The UK government has a couple of installation regulations for different types of charging points. These regulations apply in England, Scotland and Wales. What regulations you will need to follow depends on what you’re using the charge points for, the type of charge point, and where you are.
Do you need planning permission to install charging points?
The one question every business has when installing electric car charging points is whether they need planning permission. The short answer is that no, you do not need planning permission to install charging points on your property or if you have permission from the landlord and the regulation conditions are met.
Planning permission for wall mounted electric car charging points
These charge points for electric vehicles must be placed in off-road parking areas. This can be your office parking space, land your business owns, or office parking space you have on lease. As long as these points are followed then planning permission is not required in England, Scotland, and Wales:
- Size: less than 0.2 cubic metres
- Minimum 2 metres space between road and charge point
- Charge points cannot be within a listed building or monument space
Planning permission for standing electric car charge points
Standing charge points do have slightly different electric car charging points installation regulations, but the general idea is about the same. The first major regulation you have to follow for standing charge points is to make sure that there is only 1 charge point for 1 parking space. This avoids overcrowding.
As long as you keep to 1 charge point per parking space and follow these other regulations, planning permission is not needed.

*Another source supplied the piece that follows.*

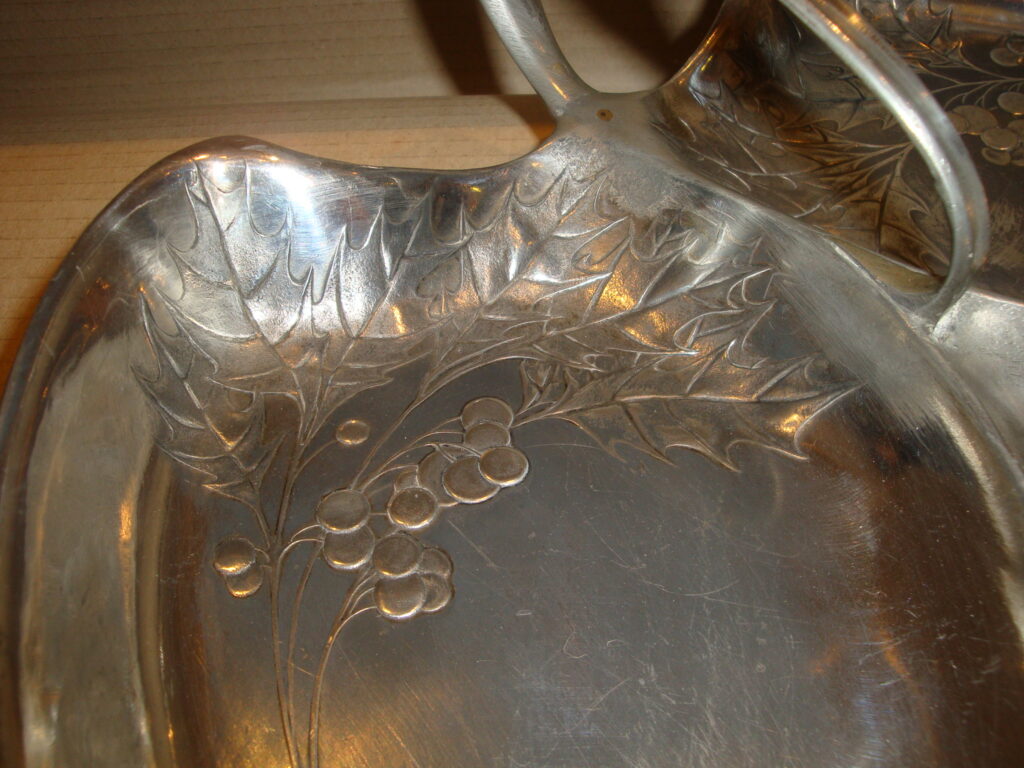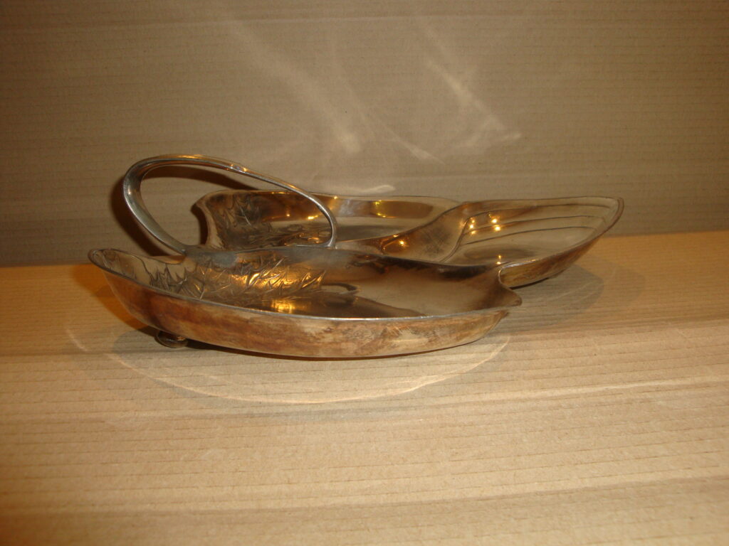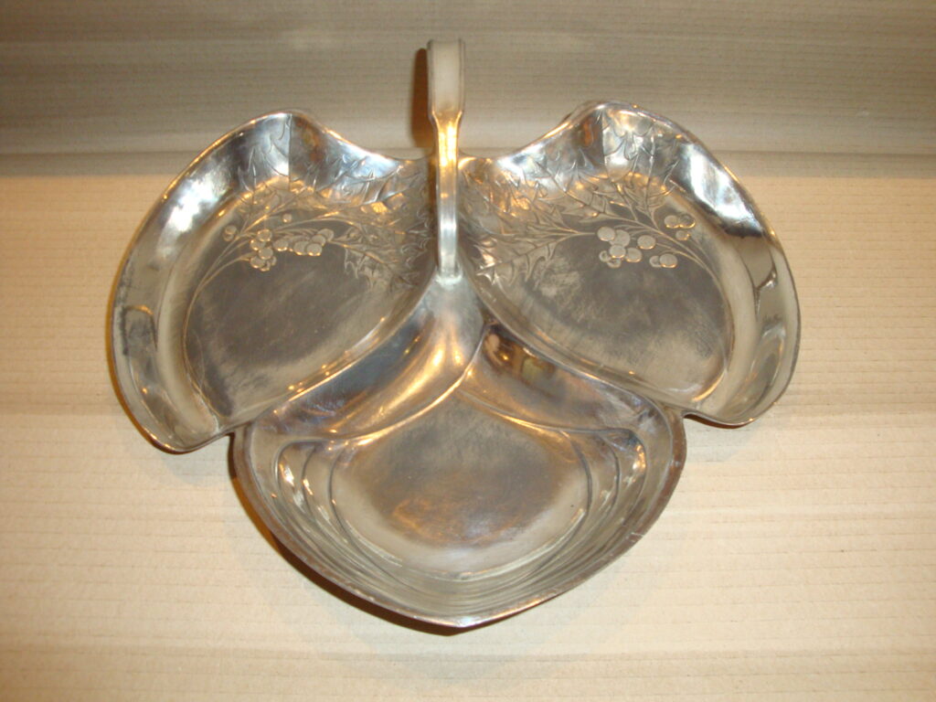Szecessziós levél alakú kínáló: 1900 körüli levél formájú, 3-as tagolású kínáló, tipikusan szecessziós ornamentális díszítéssel, alján cégjelzéssel, ezüstözött kivitelben.

- Size: less than 2.3 metres high from the parking space
- Size for residential: less than 1.6 metres
- Minimum 2 metres space between road and charge point
Whether your installation is more complicated, or you’d like more reassurance to follow regulations, we highly recommend using a certified installer. You can find an installer for both wall sockets and standing electric car charge points.
Regulations for leasehold properties and land
You can get electric charging points installed on leasehold land. First, you should check the terms of your lease. Depending on what it says on the lease, your landlord’s permission could be required before you can start with the electric car charging points installation process. If you’re not sure, contact your installation provider and double-check which regulations you fall under.

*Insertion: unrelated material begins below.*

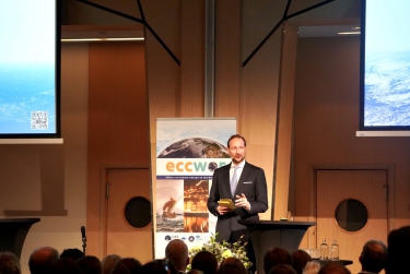 The Crown Prince was welcomed to the symposium by Gunnar Kvamstø, CEO of the Institute of Marine Research, who later introduced the Crown Prince at the podium.

Most of the time, landlord permission will be required for leasehold land such as office parking spaces to follow electric car charging points installation regulations to a T. During this time, you and your landlord will also settle on who is responsible for the upkeep of the charge points, any insurance changes, and other details.

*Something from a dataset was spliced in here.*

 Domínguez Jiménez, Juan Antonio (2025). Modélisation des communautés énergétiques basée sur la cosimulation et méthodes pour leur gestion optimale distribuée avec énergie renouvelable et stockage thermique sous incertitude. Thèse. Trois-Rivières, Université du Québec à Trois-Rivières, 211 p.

Can I install my own electric car charge points?
There is no regulation stopping you from installing your own electric car charge points, but we suggest against it. It’s a difficult process for non-trained electricians to complete. If you install them yourself, you won’t get support from your provider or guidance to find which charge point is the best for your business.
Most importantly, your business will lose out on a good government grant.
The Workplace Charging Scheme (WCS) can help to cover the costs of installation. The grant can cover up to £350 per socket. But you will have to use a certified installer to get it. Thankfully, there are many installers recognised by the government who offer a range of charge point solutions for businesses. It’s best to compare these providers so you can find the right charge point for your business.
What about safety regulations?
Installing an electric charge point can be risky if you’re not trained, which is why we recommend hiring a professional. All professional and government recognised installers follow the Institution of Engineering and Technology’s Wiring Regulations, which is a whopping 16 pages long and often gets amended. It might seem like a lot of red tape, but these regulations help keep you and your business safe.
In short, the regulations for electric car charge points explain the requirements for installation to avoid as much risk as possible such as electric shock. This can include protecting your charge points from accidents and damage from impact by placing the charge points a distance from the road. If you’re not sure about which regulations apply to you, we recommend getting in touch with your installation provider.
Why have the electric car charging points installation regulations changed in 2022?
The UK government is looking to phase out petrol and diesel. The regulation changes are part of this gradual shift towards more sustainable fuels. The UK government estimates that the regulation changes will create an additional 145,000 electric car charge points installed across the country every single year. While the government is using more carrot than stick, we recommend businesses hop on the trend to see the benefits of electricity quickly.